The following file extensions are supported when setting up file format configurations for CSV files: .csv.
Please click on a section to see specific information regarding a configuration option:
To learn more about working with file format configurations, please see the following pages:
- View file format configurations
- Modify file format configurations
- Create file format configurations
- Test and validate file format configurations
The General Tab contains options for choosing what type of content will be translated and what portions of the CSV file will be extracted. For example, a custom configuration would be helpful if you desire to only extract certain columns or rows for monolingual content or when the translation will be for a multilingual content.
- Mono or Multilingual Content - The default CSV file format configuration is set up to translate monolingual content. This option may be used to create a custom configuration with specific extraction rules for monolingual content or to translate multilingual files. A custom configuration is necessary to translate multilingual CSV files.
- Encoding - The default CSV file format configurtion uses UTF-8 file encoding; however, this portion of the configuration may be altered to use a different type of encoding (ISO, Windows, Macintosh, ASCII, etc.). Additionally, if you do not know the encoding used for the file, an option is provided to check it for proper configuration.
- Columns - These options may be used to configure the column separater (tab, comma, semi-colon) and to configure specific columns to extract from the CSV file.
- Rows - This option may be used to configure what row the translation will start on.
- HTML Content - This option should be enabled if the CSV contains HTML content. Unless you have created a custom HTML configuration, Wordbee Translator will use the default configuration to complete the tranlsation.
- Text Segmentation - Enable/Disable SRX rules for text segmentation and choose to spilt or not split text at line breaks. By default, the system segments the document by cell, this means that if there are three sentences within a cell, they will be considered one segment. If SRX rules are enabled for text segmentation, the sentences will be segmented at each punctuation mark or line break (as defined by the SRX rules).
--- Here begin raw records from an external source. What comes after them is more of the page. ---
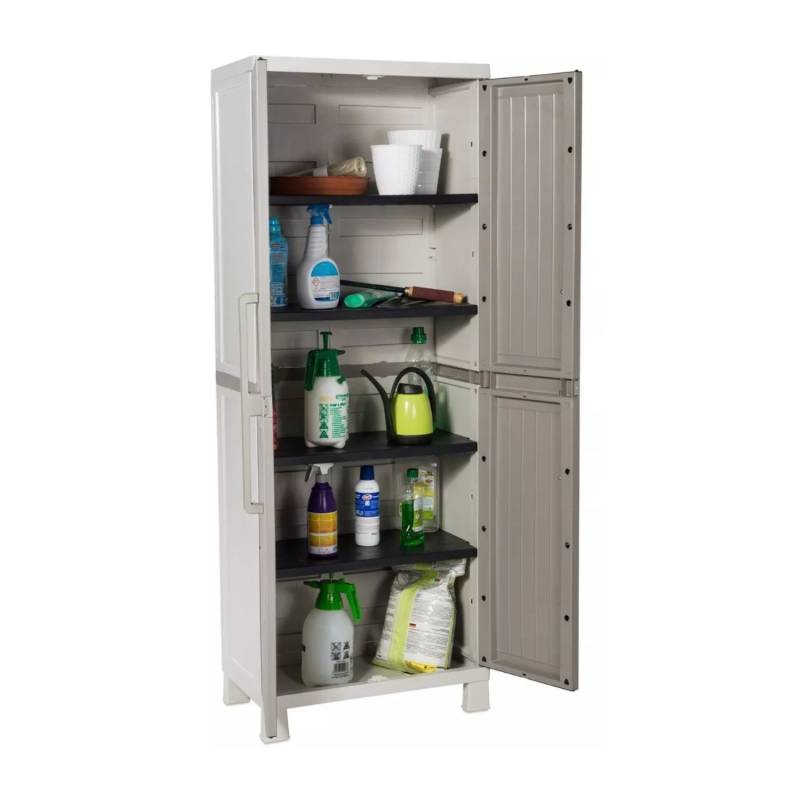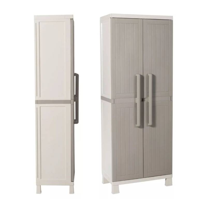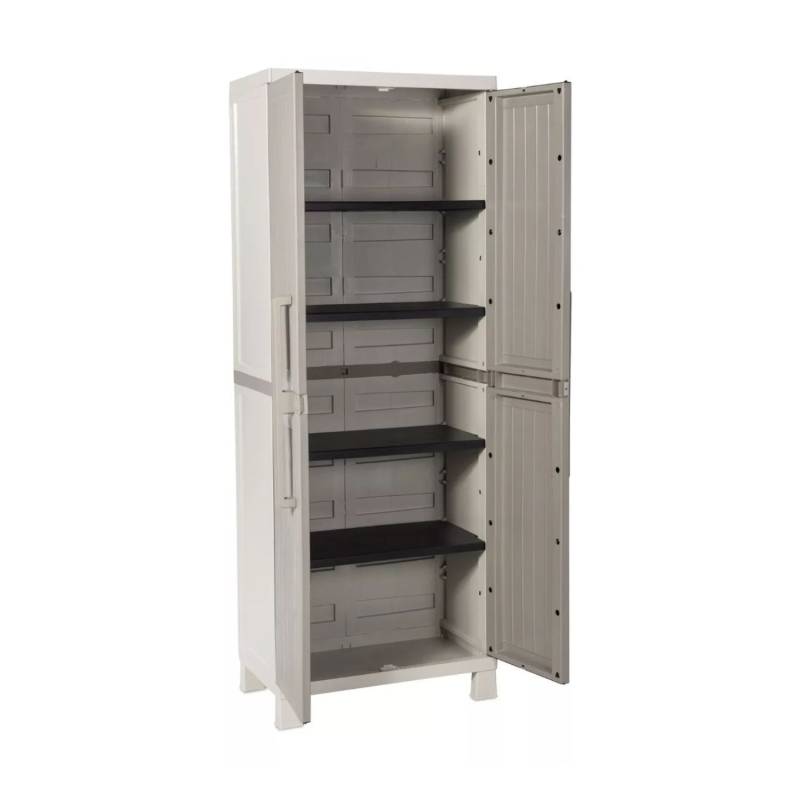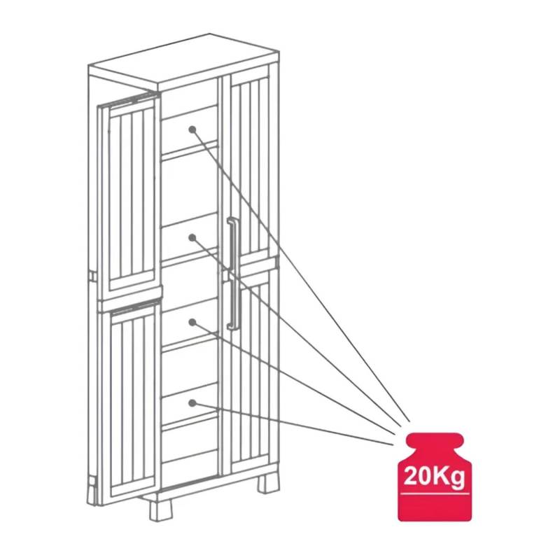 DEPOSITO TOOMAX EXTERIOR/JARDIN WOOD MIDI 65X37X173CM -26819 MEDIDA EXTERNA: 65x37x173 cm MEDIDA INTERNA: 26x15x68 cm -Material: polipropileno, material reciclable y eco-sostenible. Está equipado con bisagras resistentes, estantes ajustables y espacio escobero. -Ideal para interiores y exteriores, balcones, galerías y garage. -No absorbe olores ni humedad. -El producto viene desarmado, el armado es muy sencillo, incluye instrucciones y tornillos. -Peso máximo que soporta cada estante 15 kg
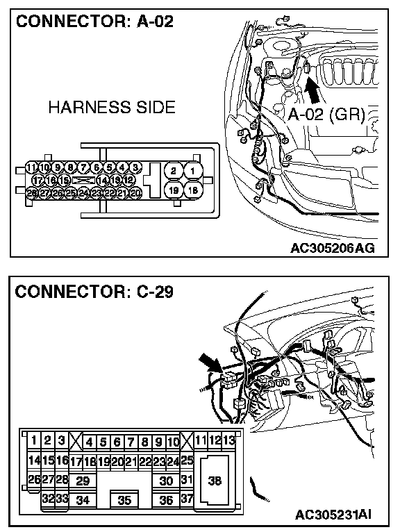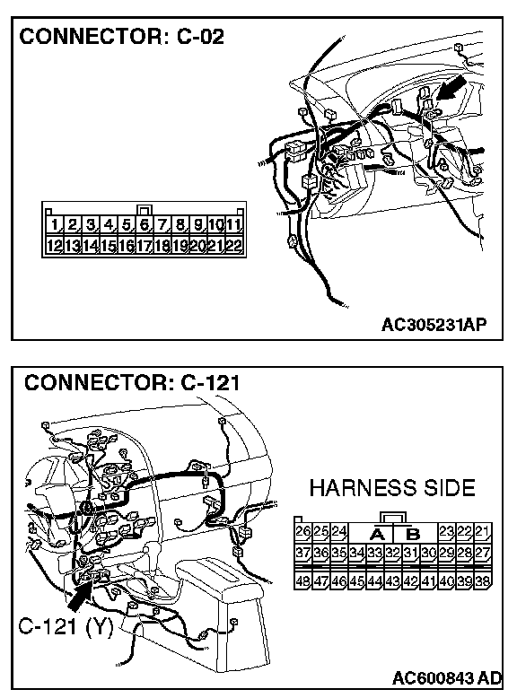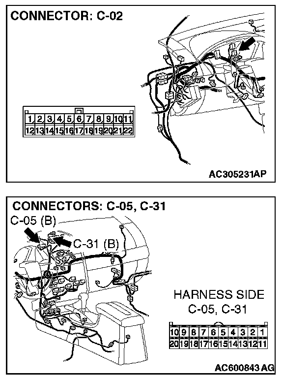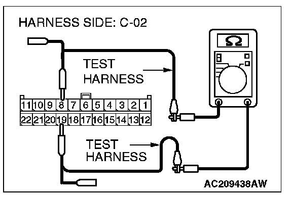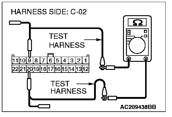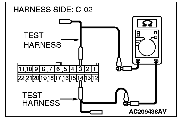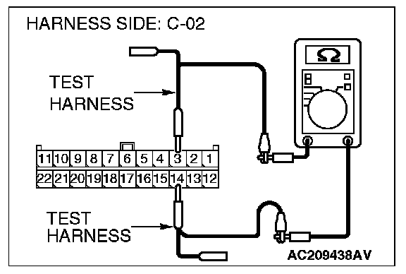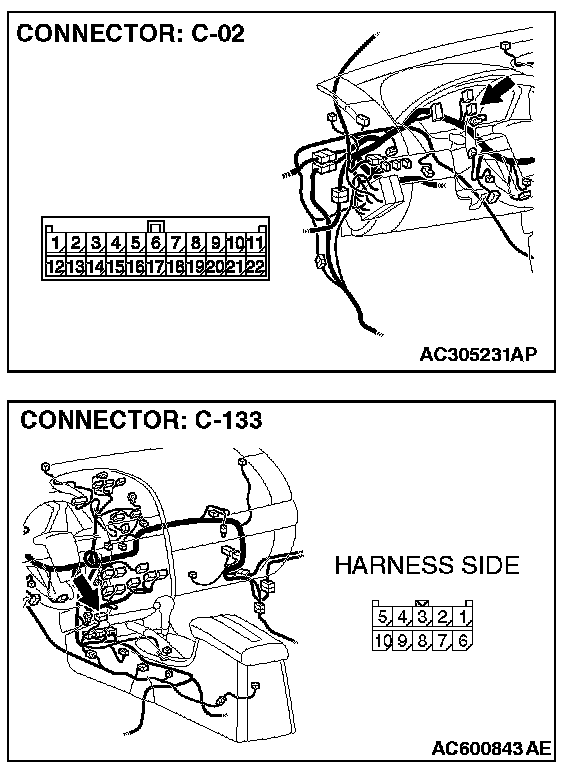 1. Disconnect joint connector (3) C-02 and multi-center display unit (middle-grade type or vehicles with mitsubishi multi communication system) connector C-05 [multi-center display unit (middle-grade type)] or C-31 [multi-center display unit (vehicles with mitsubishi multi communication system)], and measure the resistance at the wiring harness side of joint connector (3) C-02.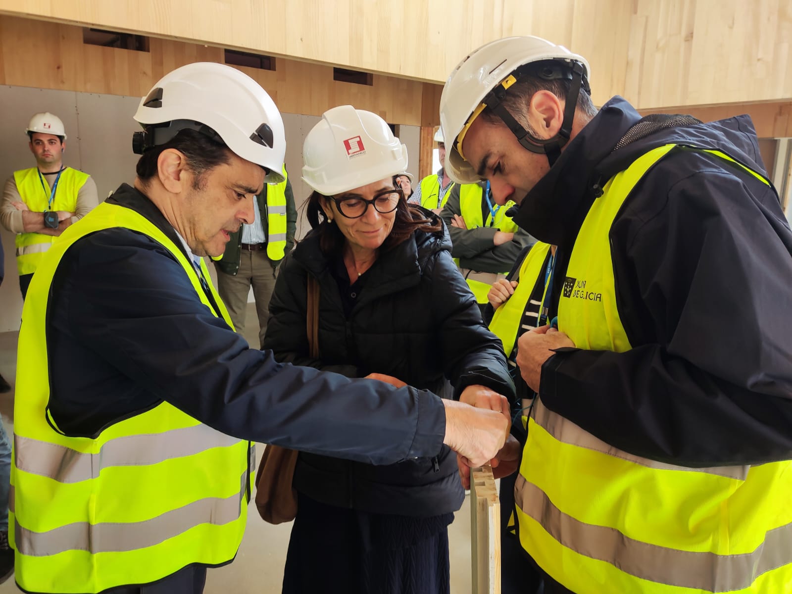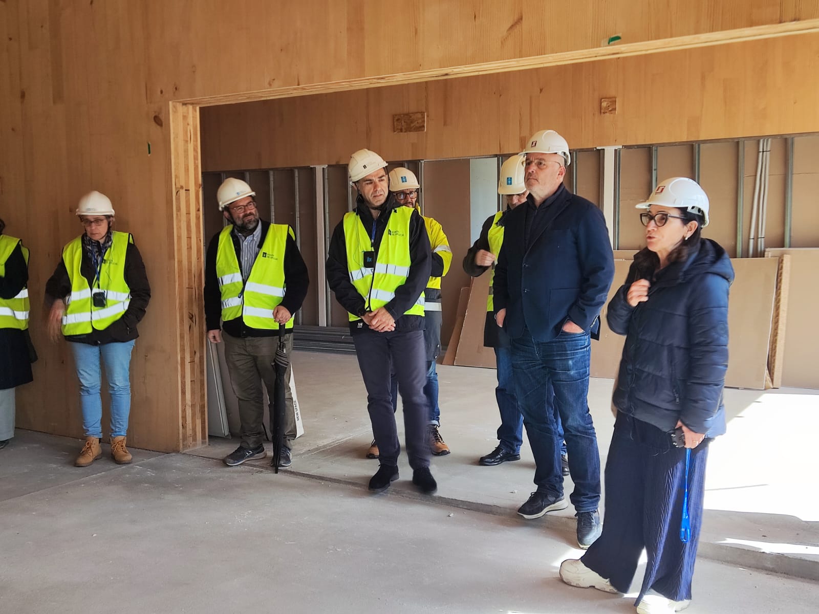Fernández Ríos acompañou ao alumnado do curso Madeira estrutural. Bases e sistemas construtivos, nas visitas á empresa Xilonor, fabricante de madeira contralaminada (CLT) de piñeiro 100% galego, e provedora deste elemento construtivo no novo centro de saúde de Abegondo, unha edificación en construción promovida polo Sergas e a Axencia Galega de Infraestruturas (AXI) e que tamén foi visitada hoxe.

A default set of SRX rules is defined for CSV files; however, these may be customized if needed. Additionally, the default or a customized set of SRX might have splitting text at line breaks disabled. In this instance, you can enable "Always Split Text at Line Breaks" to ensure this portion of segmentation is handled correctly.
Do Not Translate Tab
The Do Not Translate Tab contains options for configuring what will not be extracted for translation within the source file.
- Segments - Enter certain texts or regular expressions for Wordbee Translator to locate and exclude from the translation. Any text that does not match entered texts or patterns is automatically considered by the system to be translatable.
Regular expressions may be entered in the system to protect entire segments or just terms with the file. These segments or terms will not be extracted for translation and be taken into account during the wordcount step. A good example, is entering terms or regular expressions to protect brand names or confidential content like software codes.
Whitespaces & Symbols Tab
The Whitespaces & Symbols Tab may be used to hide whitespaces or symbols that exist within the source file.
- Do Not Show Leading and Trailing Whitespaces - If enabled, leading and trailing whitespaces within the source file will not be shown in the translation.
- Do Not Show Texts Containing Neither Letters nor Digits - If enabled, text (symbols) that do not consist of letters or digits will be hiddent from view in the the translation.